Under a N₂ purge and with agitation is prepared a solution of 53.5 Kg 3-carboxypropyl triphenylphosphomium bromide in 230.1 Kg of 1,2-dimethoxy-ethane. Potassium-tert-butoxide/THF (20 wt%, 141.8 Kg of soln.) is added over 35 minutes while maintaining the temperature at 24-28°C. The mixture is stirred at this temperature for 0.5 hour, at which point HPLC indicates a complete reaction. The agitated mixture is cooled to 10°C ± 2°C, then to the mixture is added 96.45 Kg (Titer: 1.15 molar eq. vs.) of 4-CBZ-piperidone in MTBE over 40 minutes such that batch temperature remains at 12°C ± 2°C. The mixture is agitated at this temperature for 10 minutes, then is heated to 20°C ± 2°C and agitated at that temperature for 2 hours. To the agitated mixture is added a solution of 22.5 Kg concentrated aq. HCl in 245.6 Kg of water so as to maintain the mixture at 20°C ± 2°C; the final pH is 0.5. The mixture is extracted, with agitation, with 214.0 Kg methyl-tert-butyl ether. Agitation is stopped, the phases are allowed to separate, and the aqueous layer (lower) is removed and discarded. The organic phase is washed with 133.75 Kg of water (agitate 5 minutes, separate, remove/discard aqueous layer), then with 10.7 Kg 50% NaOH in 126.8 Kg water (agitate 10 minutes, separate layers, removed/discard organic layer). The aqueous layer is extracted with 2 X 123.05 Kg EtOAc (agitate 5 minutes, separate layers, remove/discard organic layers). To the agitated aqueous layer is added 13.1 Kg concentrated aq. HCl to a pH of 2.5-3.5 (final: 2.82), then the mixture is extracted with 123.05 Kg EtOAc (agitate 5 minutes, separate layers, remove/discard aqueous layer).
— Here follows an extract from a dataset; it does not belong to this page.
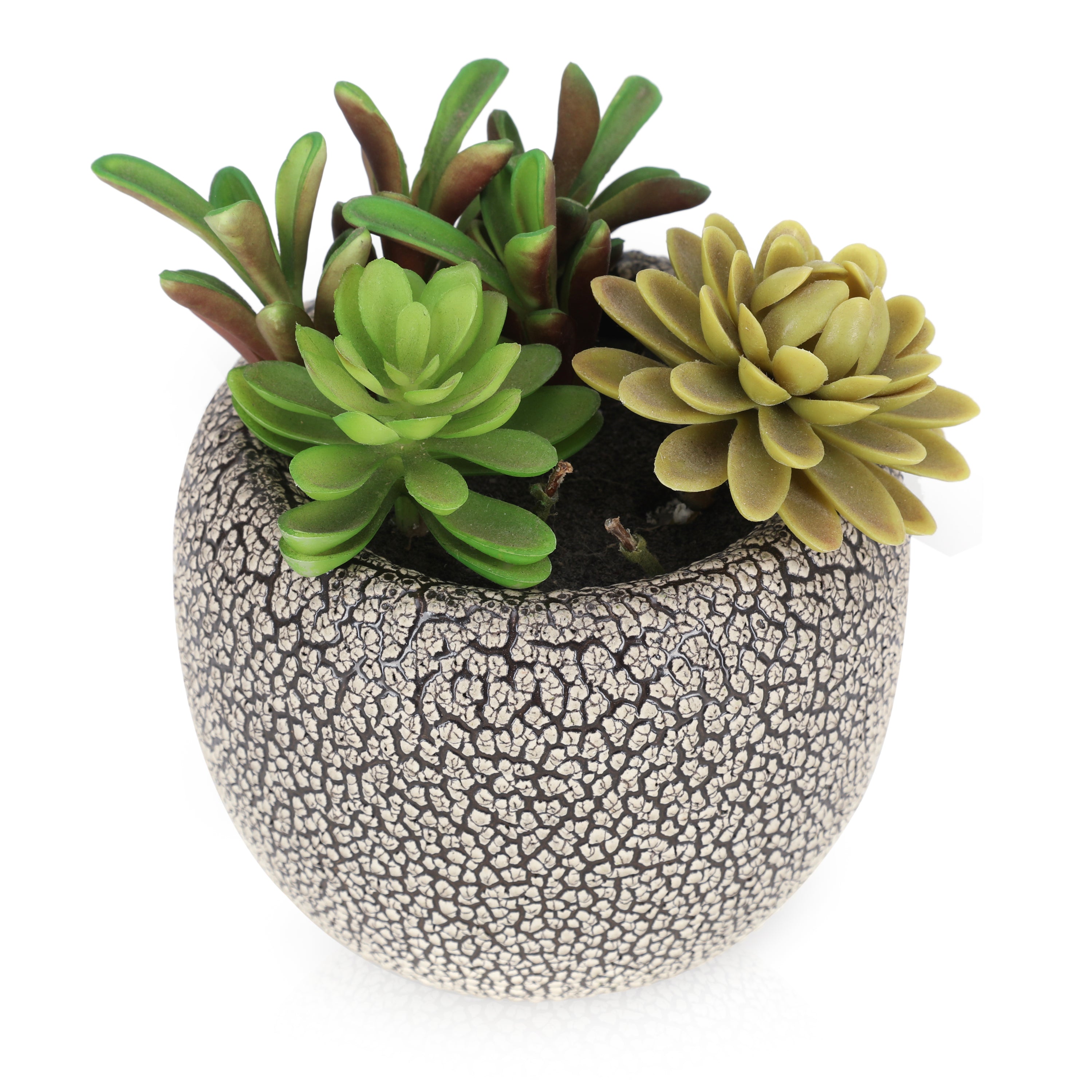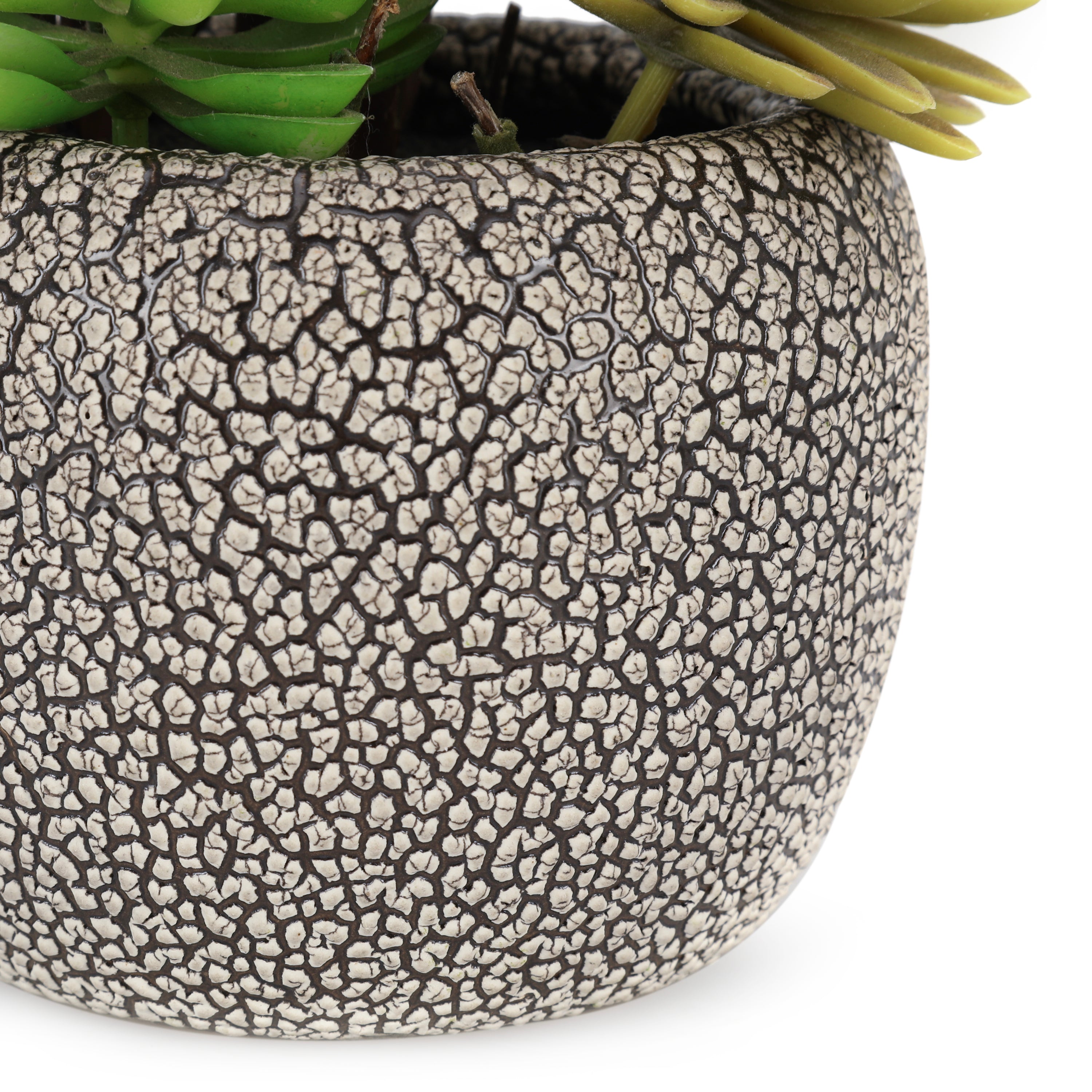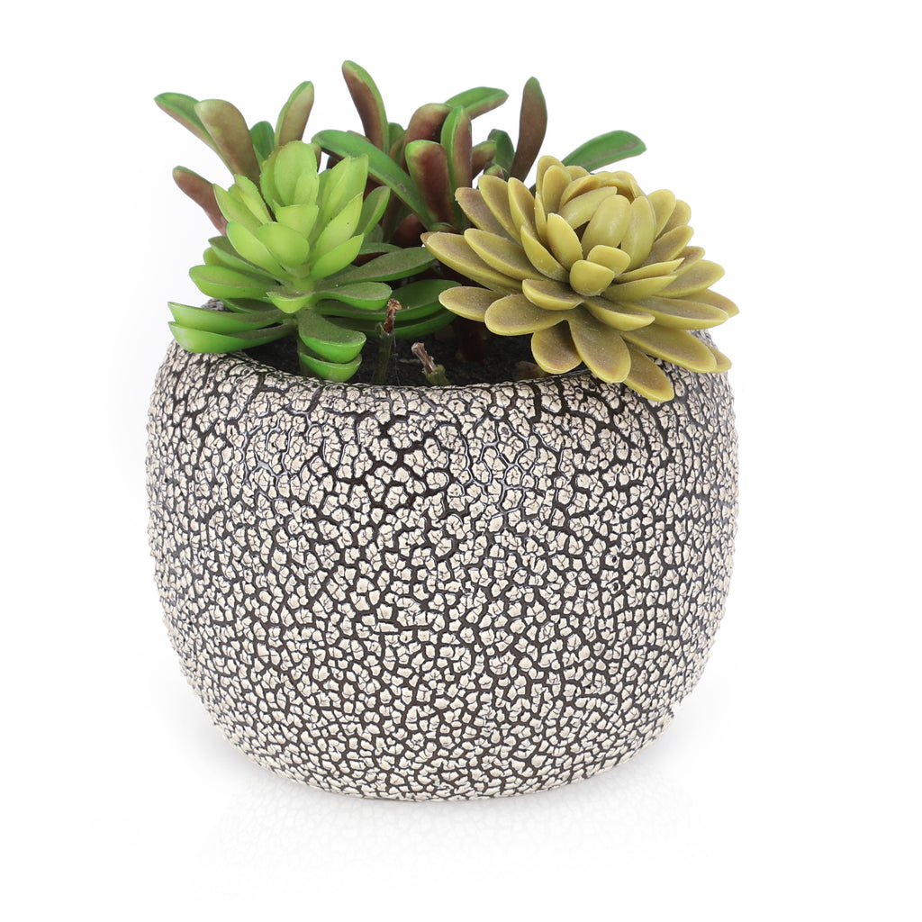 Details: Faux succulents in a small textured black and white planter. Dimensions: 7" H x 6" D

The EtOAc solution is washed with 133.75 Kg water (agitate 5 minutes, separate layers, remove/discard aqueous layer), then is assayed (wt/wt) for content of CBZ-PipBuen (total wt.: 194.86 kg, 17.05% CBZ-PipBuen [33.22 kg, 108 mole], 87.9% stoich yld.).

The EtOAc solution of PipBuen, along with 6.6 Kg 5% Pd/C (50% water by wt.) is charged with agitation to a stainless steel pressure tank, then the mixture is heated to 55°C ± 2°C. Potasium formate (38.2 Kg) dissolved in 66.4 Kg of water is added such that the reaction mixture temperature remains at 55°C ± 2°C (- 30 minutes). The mixture is agitated at 55°C ± 2°C for 2 hours, at which time reaction was complete (HPLC). To the reactor is added 6.6 Kg celite and 33.2 Kg water, the mixture agitated, then filtered. The reactor is rinsed with 33.2 Kg of water (filtered, added to main filtrate). The filtrate is placed in a new vessel, cooled to 20-25°C. the layers allowed to separate, and the organic layer removed and discarded. The aqueous layer is acidified with 52.1 Kg of concentrated aq. HCl to pH 2-3 (final: 2.82), then extracted with 4 X 129.5 Kg methylene chloride (agitate 5 minutes, separate layers, remove/discard organic layers). The aqueous phase is adjusted to pH 6.1 by addition, with agitation, of 17.85 Kg 50% aq. NaOH. The mixture is filtered to afford a 224 Kg solution containing 17.6 Kg (103 mole) of 4-(3'-carboxypropyl)piperidine.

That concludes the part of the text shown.